High copays and lackluster mobile apps are a drag on customer satisfaction, the findings showed. Since 2017, satisfaction increased across nearly all factors in the study, except for cost and mobile app. The decline in cost satisfaction is directly related to high co-pays for physician office visits.
Overall satisfaction scores are 254 points higher when members perceive their plan actively keeps out-of-pocket costs low, help to coordinate care and that there is enough coverage. Yet 54 percent or fewer of health plan members say their plan delivers on each of these criteria.
Meanwhile, alternative treatment channels represent an opportunity for health plans. Growing customer interest in telehealth, urgent care and retail clinics could help alleviate challenges posed by high co-pays.
Among all health plan members, 48 percent say they are either very or somewhat likely to consider telehealth options. That number jumps to 51 percent among Generation Y members. Additionally, 32 percent of all health plan members visited urgent care facilities. Digital access to personal health data and improved coordination of care could encourage further use of these lower-cost treatment channels.
There are promising benefit and cost trends among 28 association health plans, or AHPs, recently launched in 13 states, data released this year by AssociationHealthPlans.com shows.

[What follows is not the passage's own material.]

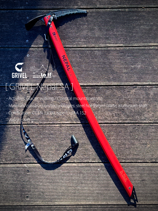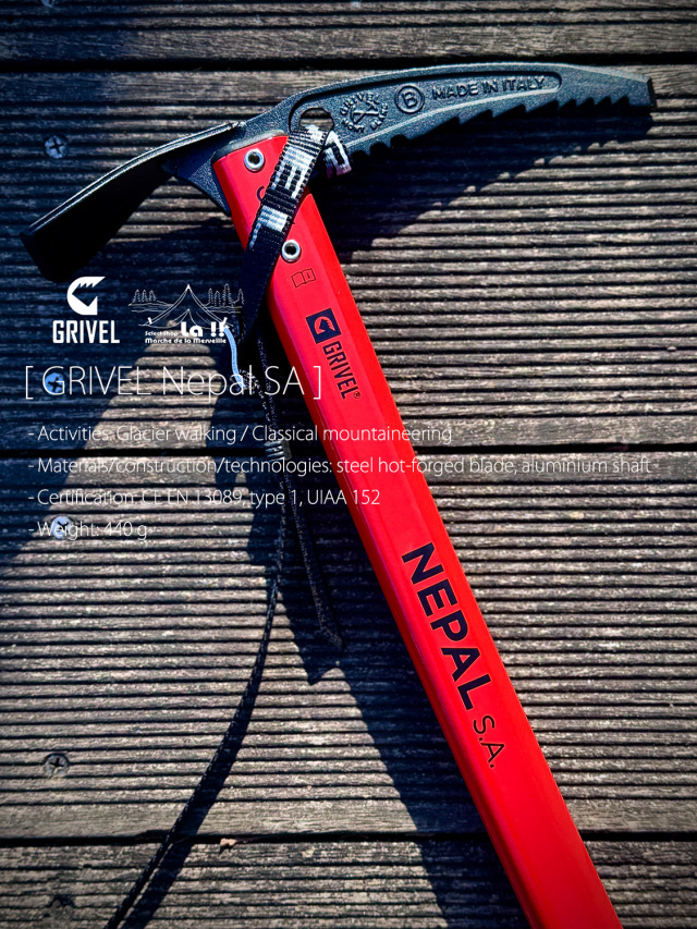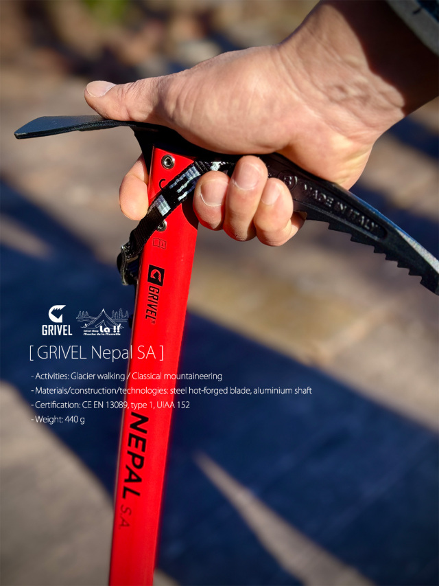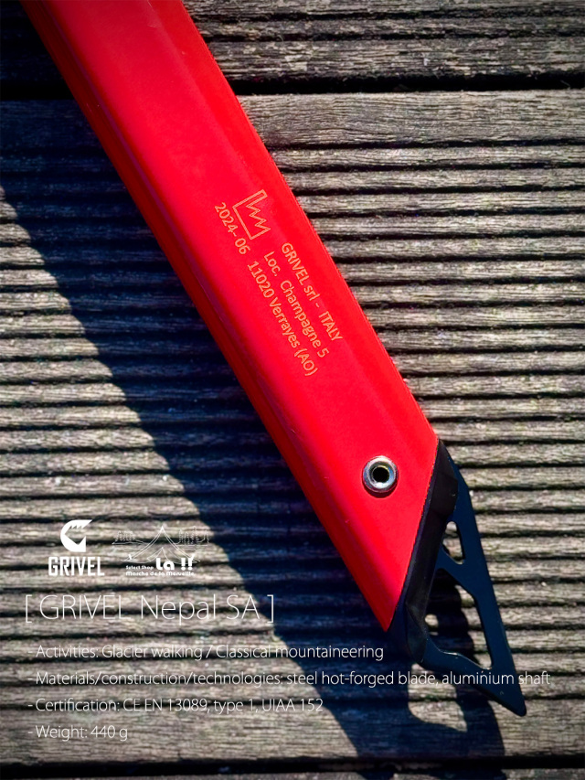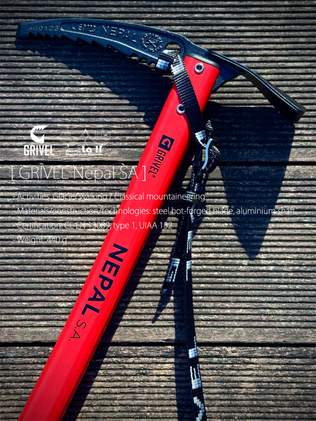 一般的な雪山登山、氷河歩行用に設計されたネパールSAは、ヘッドに軽さと剛性に優れた熱間鍛造ニッケルクロムモリブデン鋼のグリベルスチールを使用し、アクシデント発生時には滑落停止動作を取りやすい弛やかなSA カーブのアルミ製シャフトを持つピッケル。

The analysis, which offers insights about how the market is responding to a new Department of Labor regulation finalized in June 2018, shows a trend toward comprehensive benefits and double-digit cost savings -- although controversy remains surrounding AHPs, particularly when it comes to consumer protections.
The Department of Labor regulation, which is being implemented in stages, makes it easier for small employers to band together to offer lower-cost "large company" health insurance. The breadth of benefits had been one of the biggest concerns among detractors of association-based insurance.
Yet according to the analysis, no evidence of narrow benefit designs was observed in the new AHP benefit descriptions. And advanced features such as health savings accounts also have a strong presence among the new plans.